The handbook emphasizes that the United States is now concerned with peace in the entire, complicated world -- a world in which the identity of the ''belligerents'' and their organization may be loose, and as diverse as ''peace operations'' themselves.

Appearing last week before the Senate Foreign Relations Committee, Madeleine Albright, the U.S. ambassador to the United Nations, argued in opposition to the ''Peace Powers Act,'' which is designed to impose new constraints on the administration's freedom in dealing with the United Nations. She said ''well-planned'' peace operations are ''useful and cost-effective . . . in containing regional conflicts, promoting democracy and human rights, stemming refugee flows and bringing stability to regions of strategic and economic importance to the U.S.''

Wow! If peacekeeping could do all that, we could cut the costs of government even further.

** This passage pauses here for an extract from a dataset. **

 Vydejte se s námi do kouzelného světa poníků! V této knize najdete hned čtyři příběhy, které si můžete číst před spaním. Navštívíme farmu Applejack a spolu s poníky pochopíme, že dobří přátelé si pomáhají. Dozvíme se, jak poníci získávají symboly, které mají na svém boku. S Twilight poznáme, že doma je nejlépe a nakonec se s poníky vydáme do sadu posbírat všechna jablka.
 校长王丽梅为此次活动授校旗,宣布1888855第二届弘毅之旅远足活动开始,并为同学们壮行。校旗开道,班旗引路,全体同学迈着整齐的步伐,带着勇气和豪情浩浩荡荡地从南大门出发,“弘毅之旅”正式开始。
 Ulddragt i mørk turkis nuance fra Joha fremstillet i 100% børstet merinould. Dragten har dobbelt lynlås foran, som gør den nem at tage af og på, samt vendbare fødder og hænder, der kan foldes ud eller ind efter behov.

From the point of view of critics like Senate Majority Leader Robert Dole, a principal author of the Peace Powers Act, peace operations are neither cost-effective nor otherwise effective. Senator Dole described Republican bills in the House and Senate as ''good news for U.S. foreign policy and U.S. taxpayers.'' Both those bills would probably have the effect of reducing U.S. expenditures on ''peace operations'' by providing for ''transparency,'' full accounting and credit against the United States ''assessed'' share of U.N. costs.

Under current practices the United States pays, as its ''assessed'' share of peacekeeping costs, nearly two and one half times the amount assessed any other country. But that is only the beginning. The United States has contributed billions of dollars in addition: in transportation, air power and many other expensive services such as assisting in the evacuation of U.N. forces from Somalia.

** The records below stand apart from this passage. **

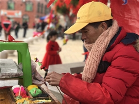 “首届永宁古卫城元宵民俗文化庙会”,于2月10日上午正式开锣(农历正月十四)举行。2月10日,记者来到活动现场,敲锣打鼓的声音响彻天际。此时现场早已被挂上了一个个红艳艳的灯笼,更有妆糕人等非物质文化手作展览。市民们成群结队在现场赏灯、拍照留影。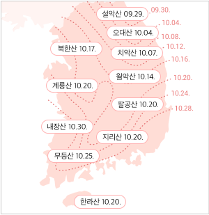 설악산, 오대산, 북한산 등 유명산 단풍현황을 확인하세요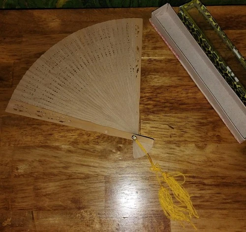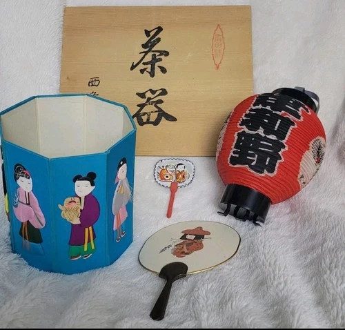 Asian Decorative Lot Paper Lantern 2 Fans Decorative Box Wood Lid Cover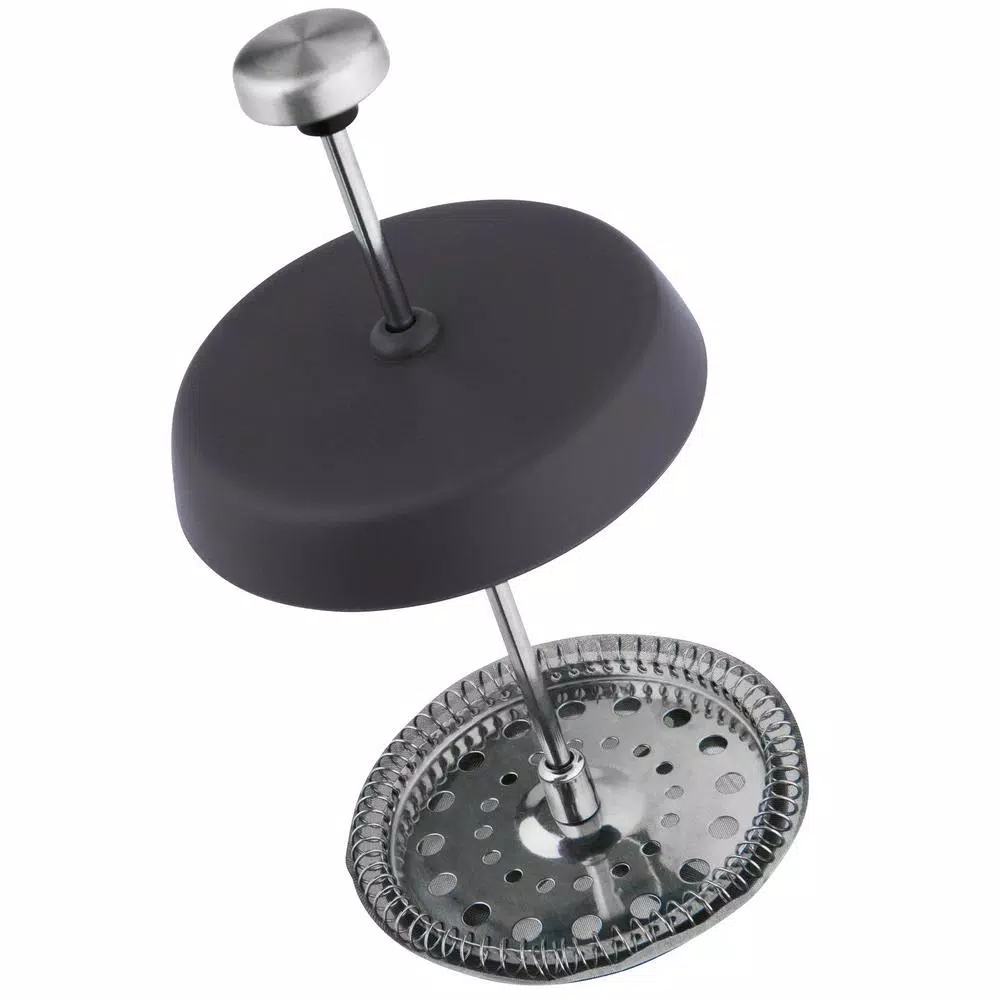 The BergHOFF French press is a cylindrical pot with a plunger and a built-in filter screen that presses hot water onto tea leaves or ground coffee. When you choose the French press to create a delicious cup of coffee or tea, youre sure youre using a reliable and consistent method thats ideal for making several cups in just a few minutes. Makes 0.85 quarts. Constructed of stainless steel with a glass carafe and is dishwasher safe. This French press is the perfect addition to any kitchen!

These contributions, which Senator Dole estimates at several billion dollars, have never been fully reported. They are simply and very quietly redirected by the Clinton administration from Defense Department funds, authorized and appropriated by the Congress for conventional military purposes such as training and spare parts. When administration officials seek ''supplemental'' appropriations for necessary defense items for which the authorized funds were diverted on peacekeeping, Congress can't turn them down.

A principal goal of the critics is to ensure that funds for peacekeeping are authorized and appropriated through normal processes. Otherwise, Congress is denied its constitutional role.

Critics also complain that persistent, repeated use of military force for purposes unrelated to fighting and winning wars will undermine their ability to do the job for which they are recruited and maintained. Training military units to win wars and then assigning them to tasks that call for maximum restraint and minimum use of force creates ''cognitive dissonance,'' that is, disabling internal contradictions.

So does assigning military forces to tasks which have ''settlement,'' not victory, as their goal. Instead of transforming and spoiling the military, why not send Peace Corps men and women, send Americorps men and women. Train them in U.N. rules of engagement. This might not be useful, but it would do less harm to U.S. military effectiveness than the current approach.

But this would not serve the unmentioned purposes of Clinton administration's policies; it would not create new multinational military institutions; and it would not require a cultural revolution in the U.S. military.

Those goals too should be discussed with the Congress.

Jeane Kirkpatrick is a syndicated columnist.